Last Time
I listen closely as Fausto explains everything. While I feeel like hitting something– anything– when he tells how it was a trick, there is a part of me that knows this is over. We'd never managed to keep the cure from our city, and now we couldn't keep it from ourselves. When he asks for my consent, I nod. He seems almost surprised that I've agreed.
However, when he offers me the syringes, a feeling of doubt overcomes me. I back away, leaving him confused.
"Do you not want to do this?"
I nod. "Just… just give me a moment okay?"
He consented, going a small distance away. Whether he actually understands, or whether it is just one final concession to the "Boss," I don't know.
What I really need to do is think. Unconsciously, my left hand flicks down, pulling my knife from my belt. I exhale softly and place the blade against my skin. But before I can press down, something stops me, and I just stare at my wrist.
Without noticing it, I have chosen the same spot where I first made a cut. True, the scar has long faded, if the skin was not replaced in the surgery, but still, it is the same spot. I just know it.
This time would be utterly different, and yet utterly the same. Instead of the upset bubblehead looking for a way out, it would be the conflicted special about to leave the web of surgery and lies that had dominated her for as long as she could remember.
But that really wasn't what it had been about, was it, Shay?

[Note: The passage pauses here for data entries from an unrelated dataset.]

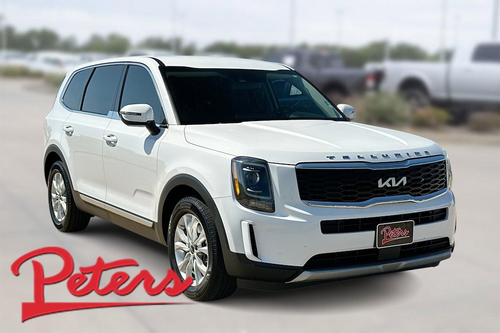 This 2022 Kia Telluride LX in Glacial White Pearl comes with the following features: 3.8L V6 DOHC 8-Speed Automatic AWD 3.648 Axle Ratio, 3rd row seats: split-bench, 4-Wheel Disc Brakes, 6 Speakers, ABS brakes, Air Conditioning, Alloy wheels, AM/FM radio: SiriusXM, Apple CarPlay & Android Auto, Automatic temperature control, Brake assist, Bumpers: body-color, Cargo Cover, Carpeted Floor Mats, Delay-off headlights, Driver door bin, Driver vanity mirror, Dual front impact airbags, Dual front side impact airbags, Electronic Stability Control, Emergency communication system: 911 Connect, Four wheel independent suspension, Front anti-roll bar, Front Bucket Seats, Front Center Armrest, Front dual zone A/C, Front reading lights, Fully automatic headlights, Heated door mirrors, Hybrid Cargo Net, Illuminated entry, Knee airbag, Leather steering wheel, Low tire pressure warning, Navigation System, Occupant sensing airbag, Outside temperature display, Overhead airbag, Overhead console, Panic alarm, Passenger door bin, Passenger vanity mirror, Power door mirrors, Power steering, Power windows, Radio data system, Radio: AM/FM Display Audio System, Rear air conditioning, Rear anti-roll bar, Rear audio controls, Rear reading lights, Rear seat center armrest, Rear window defroster, Rear window wiper, Reclining 3rd row seat, Remote keyless entry, Security system, Smart Key w/ Push Button and Remote Start, Speed control, Speed-sensing steering, Split folding rear seat, Spoiler, Steering wheel mounted audio controls, Synthetic Leather Seat Trim, Tachometer, Telescoping steering wheel, Tilt steering wheel, Traction control, Trip computer, Turn signal indicator mirrors, Variably intermittent wipers, and Wheels: 18" x 7.5" Painted Alloy.
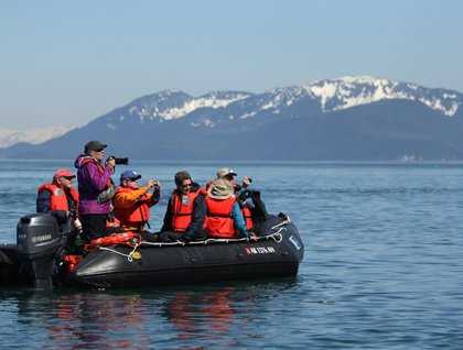 Meanwhile, others kayaked in the interesting bay, where birds were seen in caves. And even others preferred to be taken in expedition landing craft around the island, enjoying its broken rock character.
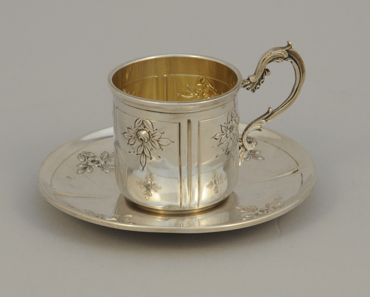 -TASSE À CAFÉ et sa SOUS-TASSE à décor de fleurs. L'anse en volute feuillagée Poinçon Minerve. Style composite, vers 1900. Haut. 6,5 cm. Poids: 115 g.
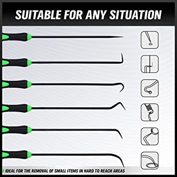 • Made of heat-treated CR-V steel and chrome vanadium steel shaft, this pick hook set is sturdy and sharp.
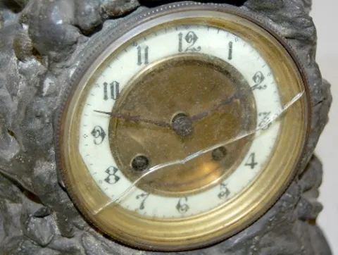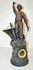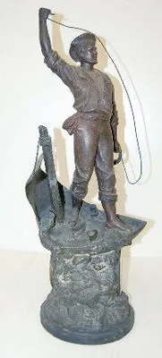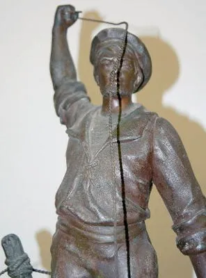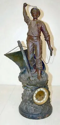 Antique French Statue Clock, Man in Boat porcelain dial. (Glass is cracked; title tag missing; rough patina.) 29 1/2"
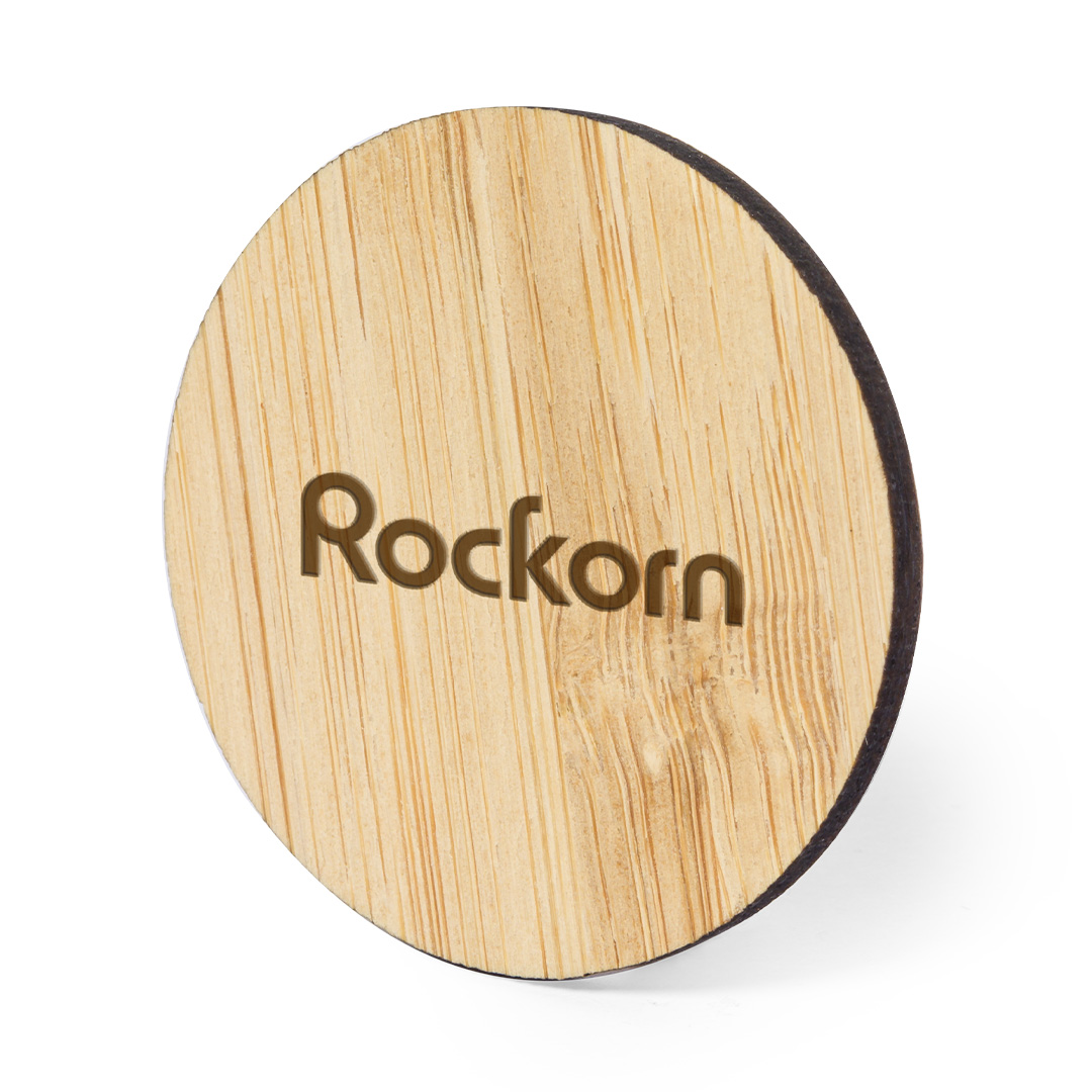 Pin de línea nature, hecho en bambú procedente de cortes naturales. De fabricación europea y disponible en diseños circular y cuadrado, con pin magnético. Magnético Bambú
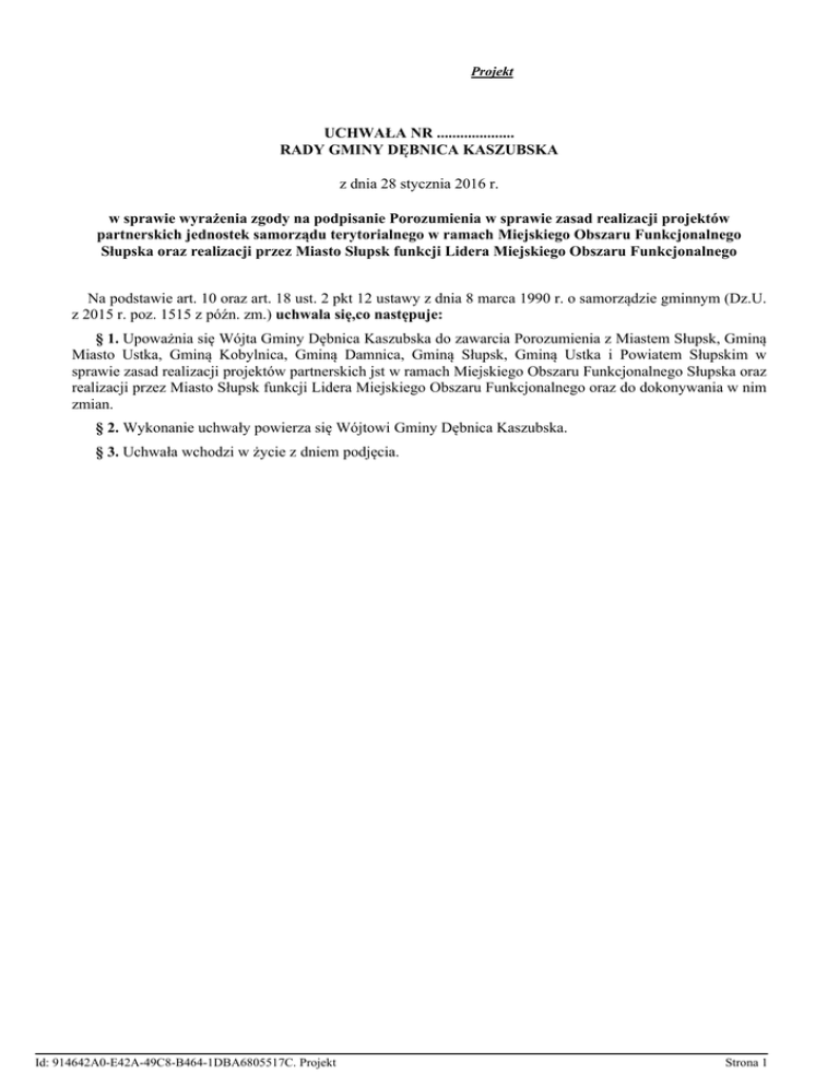 Projekt UCHWAŁA NR .................... RADY GMINY DĘBNICA KASZUBSKA z dnia 28 stycznia 2016 r. w sprawie wyrażenia zgody na podpisanie Porozumienia w sprawie zasad realizacji projektów partnerskich jednostek samorządu terytorialnego w ramach Miejskiego Obszaru Funkcjonalnego Słupska oraz realizacji przez Miasto Słupsk funkcji Lidera Miejskiego Obszaru Funkcjonalnego Na podstawie art. 10 oraz art. 18 ust. 2 pkt 12 ustawy z dnia 8 marca 1990 r. o samorządzie gminnym (Dz.U. z 2015 r. poz. 1515 z późn. zm.) uchwala się,co następuje: § 1. Upoważnia się Wójta Gminy Dębnica Kaszubska do zawarcia Porozumienia z Miastem Słupsk, Gminą Miasto Ustka, Gminą Kobylnica, Gminą Damnica, Gminą Słupsk, Gminą Ustka i Powiatem Słupskim w sprawie zasad realizacji projektów partnerskich jst w ramach Miejskiego Obszaru Funkcjonalnego Słupska oraz realizacji przez Miasto Słupsk funkcji Lidera Miejskiego Obszaru Funkcjonalnego oraz do dokonywania w nim zmian. § 2. Wykonanie uchwały powierza się Wójtowi Gminy Dębnica Kaszubska. § 3. Uchwała wchodzi w życie z dniem podjęcia. Id: 914642A0-E42A-49C8-B464-1DBA6805517C. Projekt Strona 1 Uzasadnienie 1. Przedstawienie istniejącego stanu w dziedzinie, która ma być normowana. Nowa perspektywa finansowa 2014-2020 wprowadziła zmiany w dotychczasowym podejściu do planowania rozwoju poszczególnych gmin i powiatów. Miasto Słupsk wraz z gminami sąsiednimi tworzy obszar wzajemnie zintegrowany i wzajemnie na siebie oddziałujący pod względem społeczno– gospodarczym – Miejski Obszar Funkcjonalny (MOF). Z uwagi na pełnione przez siebie funkcje, Miasto Słupsk stało się naturalnym Liderem Miejskiego Obszaru Funkcjonalnego, przystępując w 2013 r. do negocjacji Zintegrowanego Porozumienia Terytorialnego (ZPT) dla MOF Słupska z Zarządem Województwa Pomorskiego. Miasto, jako Lider MOF odpowiedzialne jest m.in. za: organizację prac Wspólnej Reprezentacji Obszaru Funkcjonalnego Słupska, organizację procesu zatwierdzania projektu ZPT i wprowadzania do niego zmian, podejmowanie renegocjacji Porozumienia z Zarządem Województwa w imieniu ROFS, monitorowanie procesu przygotowań do aplikowania o środki dla poszczególnych przedsięwzięć ujętych w Porozumieniu. Objęcie roli Lidera MOF wiąże się jednak z dodatkowymi obowiązkami i nakładami pracy ze strony Urzędu Miejskiego w Słupsku, w tym przede wszystkim Wydziału Zarządzania Funduszami pełniącego funkcję oficjalnego Sekretariatu MOF. Otwarcie nowej perspektywy finansowej wprowadziło również zmiany w zasadach realizacji projektów partnerskich. Zasady te regulują m.in. zapisy tzw. ustawy wdrożeniowej tj. Ustawy z dnia 29.08.2014 r. o zasadach realizacji programów w zakresie polityki spójności finansowanych w perspektywie finansowej 2014–2020. Ustawa wprowadziła tzw. scentralizowany model partnerstwa, w którym Partner Wiodący jest zarówno Beneficjentem, jak i jedyną Stroną umowy o dofinansowanie. Lider Projektu pełni w projekcie rolę kluczową, ponieważ odpowiada on bezpośrednio wobec Instytucji Dotującej za przygotowanie, realizację, a następnie rozliczenie projektu. 2. Wyjaśnienie potrzeb podjęcia uchwały. W celu sprawnej realizacji projektów partnerskich w ramach Miejskiego Obszaru Funkcjonalnego Słupska konieczne jest ustalenie wspólnych zasad realizacji projektów, w tym podstawowych obowiązków Lidera i Partnerów Projektu. Zasady te zostały określone w Porozumieniu. Jednocześnie w związku z pełnieniem przez Miasto Słupsk funkcji Lidera MOF i reprezentowaniem przez nie wspólnych interesów jst wchodzących w skład MOF, w wyniku podjętych negocjacji z samorządami w Porozumieniu uzgodniono potrzebę powołania Biura MOF, którego rolę pełni Referat Pozyskiwania Funduszy Wydziału Zarządzania Funduszami Urzędu Miejskiego w Słupsku. Wydział Zarządzania Funduszami pełni również funkcję Sekretariatu MOF. Porozumienie określa podstawowe obowiązki ciążące na Biurze MOF oraz zasady współfinansowania kosztów funkcjonowania Biura przez poszczególne jednostki samorządu terytorialnego. 3. Charakterystyka przewidywanych skutków społecznych i gospodarczych. Zawarcie Porozumienia ma na celu zrównoważony rozwój oraz zwiększenie zaangażowania jednostek z obszaru funkcjonalnego w pozyskiwanie i efektywne wykorzystanie funduszy Unii Europejskiej w ramach perspektywy finansowej 2014-2020 służących rozwojowi MOF Słupska. Współpraca jednostek samorządu terytorialnego m.in. w ramach wspólnych partnerskich projektów przyczyniać się będzie do wzmocnienia potencjału oraz integralności przestrzennej obszaru funkcjonalnego Słupska poprzez kompleksowe podejście do planowania rozwoju i rozwiązywania problemów, z jakimi borykają się JST w obszarze funkcjonalnym Miasta Słupska. Współpraca polegać będzie na uzgodnieniu i wspólnej realizacji przedsięwzięć o znaczeniu regionalnym i ponadlokalnym z różnych obszarów tematycznych służących wykorzystaniu szans rozwojowych i poprawie warunków życia mieszkańców MOF. 4. Skutki finansowe związane z wejściem w życie uchwały. Strony Porozumienia będą wspólnie w 2016 r. partycypować w kosztach, związanych z funkcją Miasta Słupska, jako Lidera MOF, ponoszonymi w związku z funkcjonowaniem Biura MOF oraz Sekretariatu MOF. Współfinansowanie kosztów odbywać się będzie poprzez przekazanie Miastu Słupsk w terminie do 31.03.2016 r. przez jst będące Stronami Porozumienia dotacji celowej w łącznej kwocie 38 206,43 zł, w tym: Miasto Ustka - 8 744,42 zł, Gmina Słupsk - 8 360,26 zł, Gmina Kobylnica - 6 763,14 zł, Gmina Damnica - 4 949,22 zł, Gmina Dębnica Kaszubska - 5 563,20 zł, Gmina Ustka - 1 083,33 zł, Powiat Słupski - 2 742,86 zł. Wkład własny Miasta Słupska w finansowanie Biura MOF oszacowany na poziomie 9 793,58 zł, ponoszony poprzez wypłatę wynagrodzeń pracowników zatrudnionych w Wydziale Zarządzania Funduszam

Where did that thought come from? I glance\ around, almost expecting someone else to be watching, to have said that. But I just sigh, because I know it's true. While it was about the cure, I didn't know until later what I had achieved.
No, that first cut had been all about Tally. It hurt when she told me she'd taken the cure already. It hurt worse once I realized who she'd taken it with. I knew then that I'd lost her. When she'd first turned pretty, I thought I had her. I mean what could be better that being perfect for the rest of your life? Har har. I'd known what was better, and so did she. But still, it hurt. And to know that I meant less to her than Zane, Zane who she barely knew, that was what drove me.
But how quickly we forget. Once I was special, that old desire was back. So I chased her down. Once she was special, I thought, all my troubles would be over. So I ignored everything that told me otherwise. I pretended it was perfect, that I had the power to create my perfect world. But it was never that way, and, I am beginning to realize, will never be that way.
"Boss?" Fausto's voice breaks me out of my reverie. "You ready?"
"I'm almost done," I call back.
I look down at the blade in my hand and sigh. I am sorry that it had to come to this. I had waited, hoped, pretended. But it was all pointless. Tally didn't care. Tally would probably never care, not the way I wanted, no, needed her to. So I must start again. Cut her out of my life, and try to keep it that way.
I press the blade down, and I know instantly that this will be the last time. The pain shoots through me for the briefest moment, heightening my senses, before it fades to a dull ache, leaving me feeling distant. I stare at the mark without wincing, sheathing my knife. I will take the cure now. In a few days, maybe a week at most, they will do another operation to "deweaponize" my body. I hope that they will leave me this one small scar. To remember.